No Bairro Peixoto, em Copacabana, moradores, empresários e comerciantes vêm estruturando um sistema de cotas para ajudar a manter o policiamento do local. No início do ano, quinze moradores se uniram para arrecadar 1 000 reais e consertar a viatura que patrulhava a área. Agora, planeja-se a cobrança de uma taxa de 30 reais para criar um fundo de auxílio aos PMs que atuam ali. “É uma questão de dignidade e respeito. Os policiais perdem um amigo por dia e estão com salários atrasados. Precisamos cuidar do ser humano e da nossa comunidade”, avalia o empresário Pedro Salomão, dono da Rádio Ibiza, que mora e trabalha no bairro. Na Tijuca, 22 condomínios no entorno da Praça Afonso Pena estão votando o pagamento de cotas para instalação e manutenção de quatro contêineres que servirão de Q.G. para os policiais, com vestiários, banheiros e ar-­condicionado. Já no Leblon, o objetivo é que a população contribua para a criação do Leblon Presente, nos moldes do Lagoa Presente, projeto financiado pela Fecomércio-­RJ que tem similares em outras quatro áreas da cidade — Lapa, Flamengo, Centro e Méier.

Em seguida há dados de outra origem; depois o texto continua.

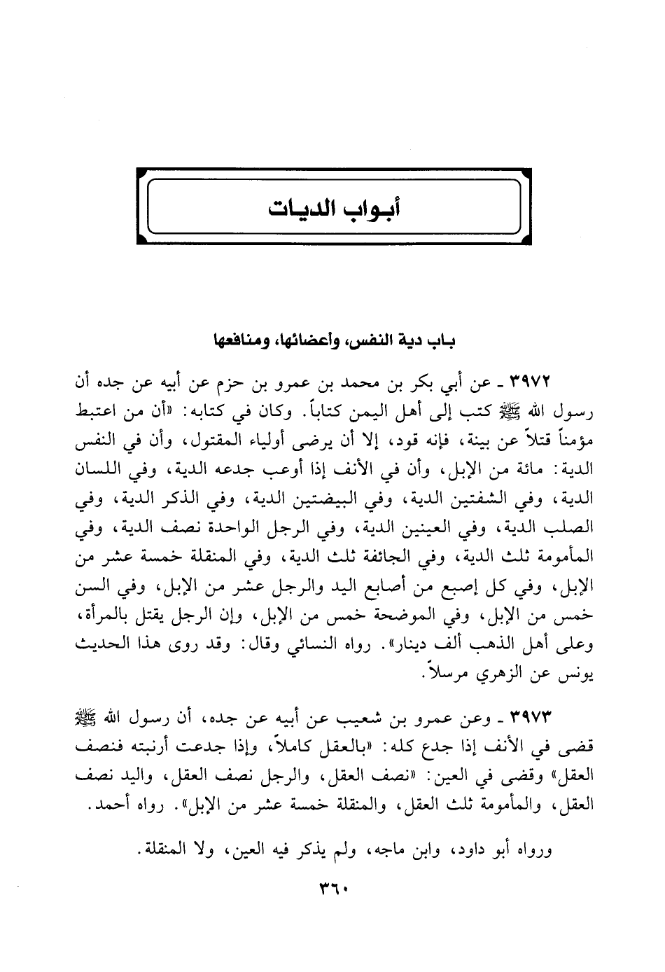3972- عَنْ أَبِي بَكْرِ بْنِ مُحَمَّدِ بْنِ عَمْرِو بْنِ حَزْمٍ عَنْ أَبِيهِ عَنْ جَدِّهِ أَنَّ رَسُولَ اللَّهِ - صلى الله عليه وسلم - كَتَبَ إلَى أَهْلِ الْيَمَنِ كِتَابًا، وَكَانَ فِي كِتَابِهِ: «أَنَّ مَنْ اعْتَبَطَ مُؤْمِنًا قَتْلًا عَنْ بَيِّنَةٍ فَإِنَّهُ قَوَدٌ، إلا أَنْ يَرْضَى أَوْلِيَاءُ الْمَقْتُولِ، وَأَنَّ فِي النَّفْسِ الدِّيَةَ مِائَةً مِنْ الإِبِلِ، وَأَنَّ فِي الأَنْفِ إذَا أُوعِبَ جَدْعُهُ الدِّيَةَ، وَفِي اللِّسَانِ الدِّيَةَ، وَفِي الشَّفَتَيْنِ الدِّيَةَ وَفِي الْبَيْضَتَيْنِ الدِّيَةَ، وَفِي الذَّكَرِ الدِّيَةَ، وَفِي الصُّلْبِ الدِّيَةَ، وَفِي الْعَيْنَيْنِ الدِّيَةَ، وَفِي الرِّجْلِ الْوَاحِدَةِ نِصْفَ الدِّيَةِ، وَفِي الْمَأْمُومَةِ ثُلُثَ الدِّيَةِ، وَفِي الْجَائِفَةِ ثُلُثَ الدِّيَةِ، وَفِي الْمُنَقِّلَةِ خَمْسَةَ عَشَرَ مِنْ الإِبِلِ، وَفِي كُلِّ إصْبَعٍ مِنْ أَصَابِعِ الْيَدِ، وَالرِّجْلِ عَشْرًا مِنْ الإِبِلِ، وَفِي السِّنِّ خَمْس مِنْ الإِبِلِ، وَفِي الْمُوضِحَةِ خَمْسًا مِنْ الإِبِلِ وَأَنَّ الرَّجُلَ يُقْتَلُ بِالْمَرْأَةِ، وَعَلَى أَهْلِ الذَّهَبِ أَلْفُ دِينَارٍ» . رَوَاهُ النَّسَائِيّ وَقَالَ: وَقَدْ رَوَى هَذَا الْحَدِيثَ يُونُسُ عَنْ الزُّهْرِيِّ مُرْسَلًا.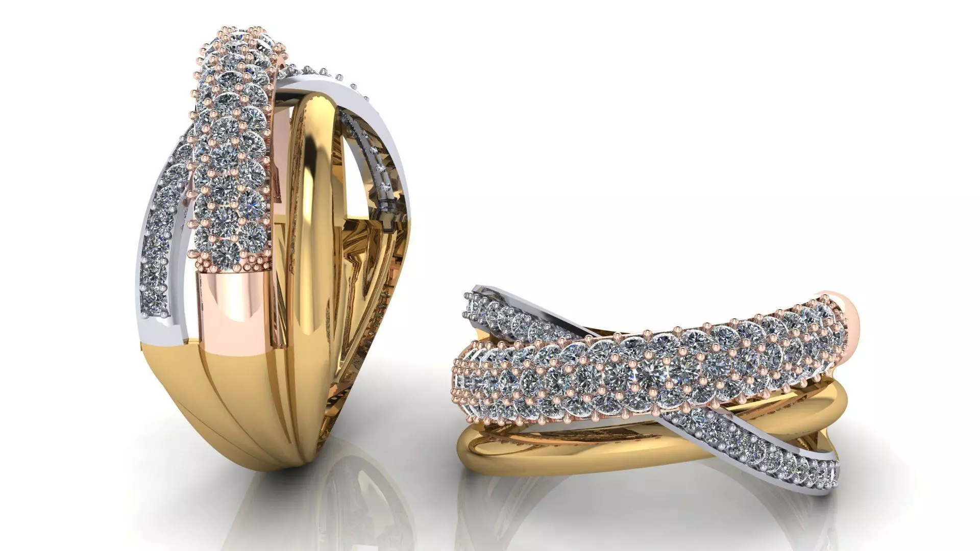 Diamond Three Tone Crossover Jewelry Ring 3D print model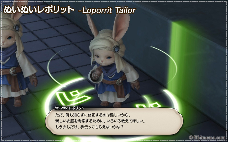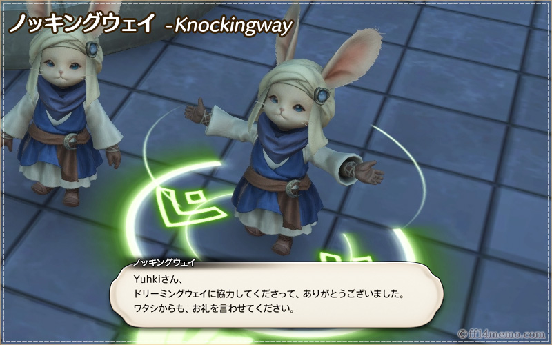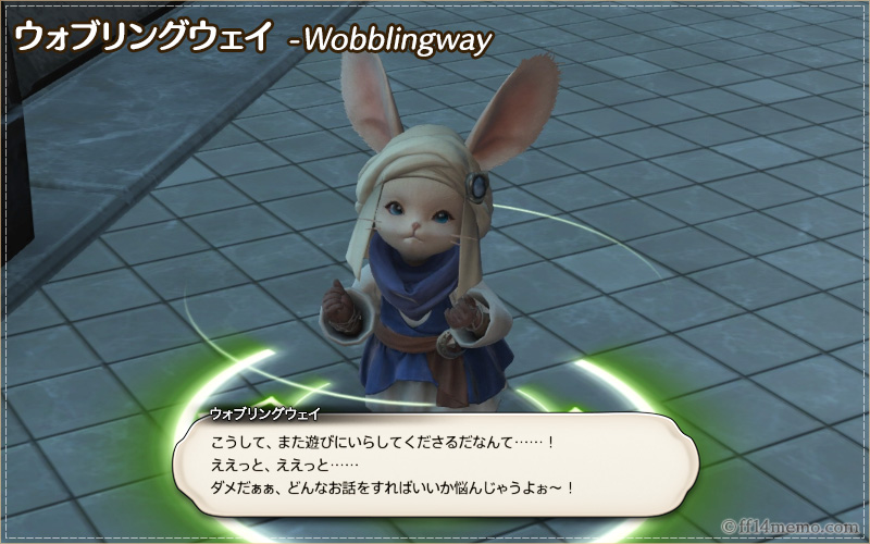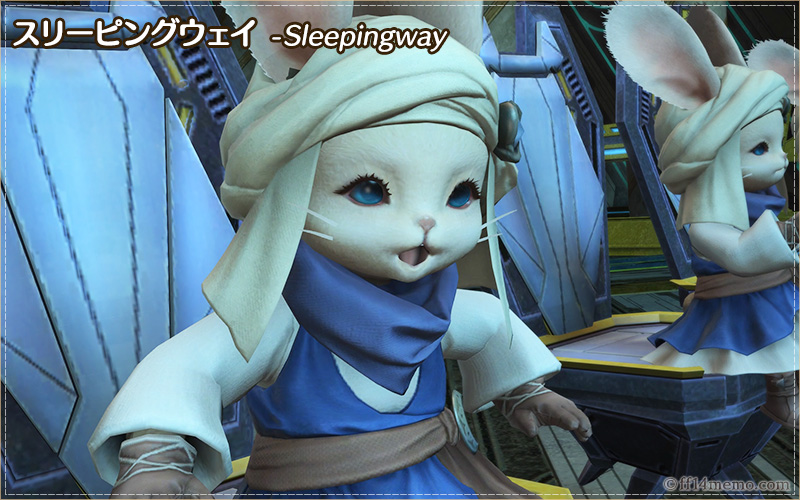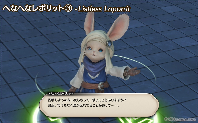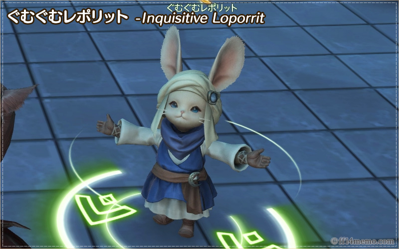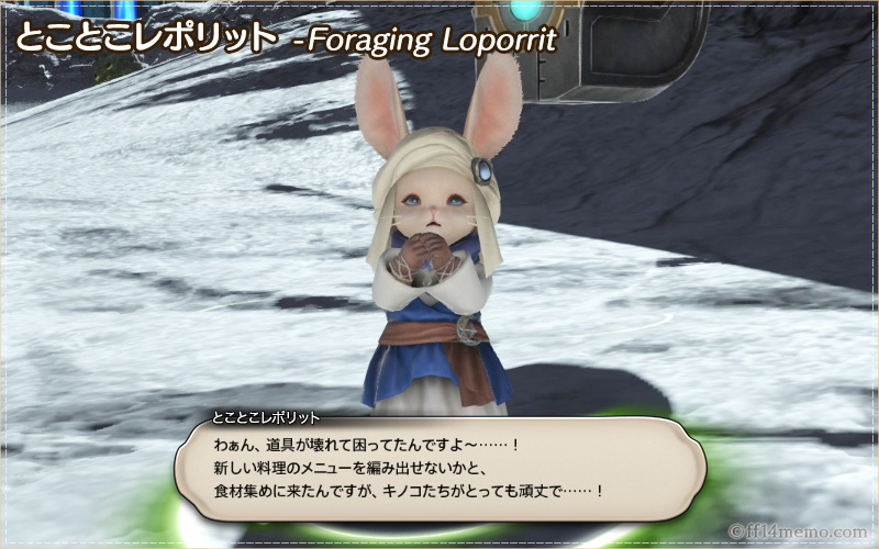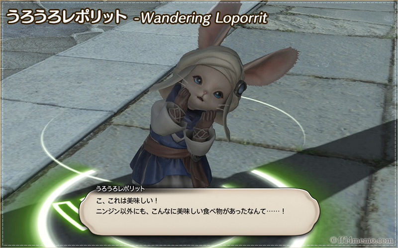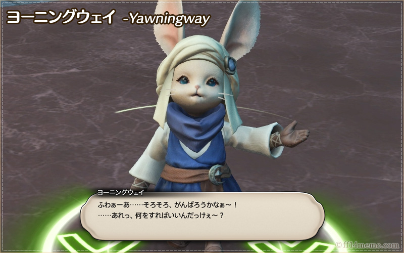 - Drowsy(眠い、眠そうな)。ドリーミング・ワークショップで作業に打ち込みすぎて疲れが溜まってしまったレポリット。ヒカセンがムーンホッパーに騎乗して「ホップステップ!」をすることで元気を取り戻します。レポリットは総じて頑張りすぎなところがありますネ。

Para os cariocas, tornou-se inquestionável que os desafios impostos pela violência urbana demandam respostas articuladas, capazes de mobilizar outros setores além da polícia ou da Justiça Criminal. No mundo inteiro há exemplos de associações entre o setor público e o privado. Desde 1996, a Business against Crime South Africa, organização formada por líderes empresariais na África do Sul, trabalha com as forças da lei para aprimorar a resposta aos crimes e aperfeiçoar o atendimento às vítimas, além de implantar programas de prevenção de violência nas escolas. Já na Inglaterra, a entidade privada Crime Concern ajuda na redução da criminalidade desde 1988. “Sem recursos, estou fazendo o possível e o impossível para minimizar os danos. Parte significativa do meu esforço concentra-se em criar um pacto nacional para desarmar os bandidos e punir com mais rigor os criminosos”, afirma o secretário de Segurança do estado, Roberto Sá. Nos tempos mais difíceis da violência carioca, o samba Saudades da Guanabara, gravado por Beth Carvalho em 1992, delineava uma metáfora dura em seu brado de esperança: “Tira as flechas do peito do meu padroeiro / que São Sebastião do Rio de Janeiro / ainda pode se salvar”. Contundente, tal imagem segue mais atual que nunca.